Но во многом советский анекдот был точнее и смешнее грубоватых нынешних:
— Из всех религий большевики больше всего не любили иудаизм.
— С чего ты взял?
— Они придумали назло иудеям субботник. Мало того, что в этот день нужно работать, так еще и бесплатно.
Интеллектуальней:
— В новосибирском Академгородке во времена СССР была самая высокая плотность жителей с высшим образованием на планете.
— Ха! Ты явно не бывал в Цюрихе и не пил с тамошними дворниками!
— Я с ними бухал еще в Академгородке.
И бессмертней:
Старение — это когда пересматриваешь старые фильмы, а актеры там все моложе и моложке.

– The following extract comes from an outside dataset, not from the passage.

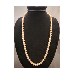 1 Pink cultured fresh water Pearl necklace 35" long, 9mm with a toggle clasp. $750.00 ITEX 6 strands available.2. Multi-color pink, white and peach cultured fresh water Pearl necklace 18" with tog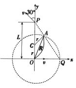 | 首先,根据题意可知,原点O处是有磁场的,粒子由此出发,初速沿x轴正方向,粒子在磁场中洛仑兹力作用下应当做匀速圆周运动,且其圆心必在y轴上.如果P处也在磁场范围内,则粒子到此处必定是经历了半个周期(半圆),这样到此处时的速度必与外轴垂直.即沿x轴负方向.可是现在已知在P点时粒子的速度与y轴正方向成30°角,由此可知粒子在到达P点之前就已经离开磁场.也就是说,圆形磁场区的半径必小于OP间的距离.

Вон как лихо сочиняли после фестиваля в Москве, того, что с «ласковым мишкой»:
Ты на ферме стоишь, Юбка с разрезом, Бодро доишь быка С хвостом облезлым. Ах ты, чува, моя чува, Тебя люблю я. За твои трудодни Дай поцелую!Это о ссылке девушек, погулявших с иностранцами. Им брили половину головы и высылали из столицы.
Нынче живя, действуя в реальностях шестидесятых, я все больше убеждаюсь, что это время глубже и добрей того, откуда я дезертировал по причине старения и умирания. И не только потому, что социализм. В Америке нынче люди тоже добрей и развитей, чем в двухтысячном. Это легко определить по американским книгам того времени, по авторам-реалистам. США подарили мировой литературе таких классиков как Марк Твен, Эдгар По, Эрнест Хемингуэй, описанная ими реальность по своему страшна, но человечна и проникнута разумом.
Но вернемся в иняз, возле которого и после драки я стою с закрытым ртом, но обалдело, и гоняю в памяти временные различия юмора. Конечно, меня сейчас не рассмешит Райкин, юмор которого больше сатирический, а не юмор в чистом виде, как у КВН «Пятигорска», ХАИ или «Детей лейтенанта Шмидта». Да и по-настоящему смешные фильмы еще не вышли в прокат. Нет «Брильянтовой руки», нет «Гусарской баллады», нет блестящих экранизаций Михаила Булгакова. Даже пьесу «Последние дни. (Пушкин)» о последних днях жизни Александра Сергеевича Пушкина, пьеса о Пушкине без Пушкина будет поставлена в Ленинграде режиссером Белинским в 1968 году. Помню, потому что смотрел. И, возможно, опять посмотрю, ради такого не грех и в Питер смотаться, в город, пока именуемый Ленинградом, но все равно красивый и романтичный.
Я прекращаю размышления и взбегаю по ступенькам в институт. Взбегаю и продолжаю восхищаться обретенной молодостью, гибкостью членов, здоровьем. Последние годы едва ходил, так болели суставы. Ревматоидный артрит болезнь иммунная и толком не лечится.
А где-то там, в бесконечности, смыкаются параллельные миры, а через две точки проходит бесконечное множество прямых, и спорное — бесспорно, а бесспорное — можно оспаривать, и человек мечется в поисках истины, не осознавая, что ищет собственное “Я”.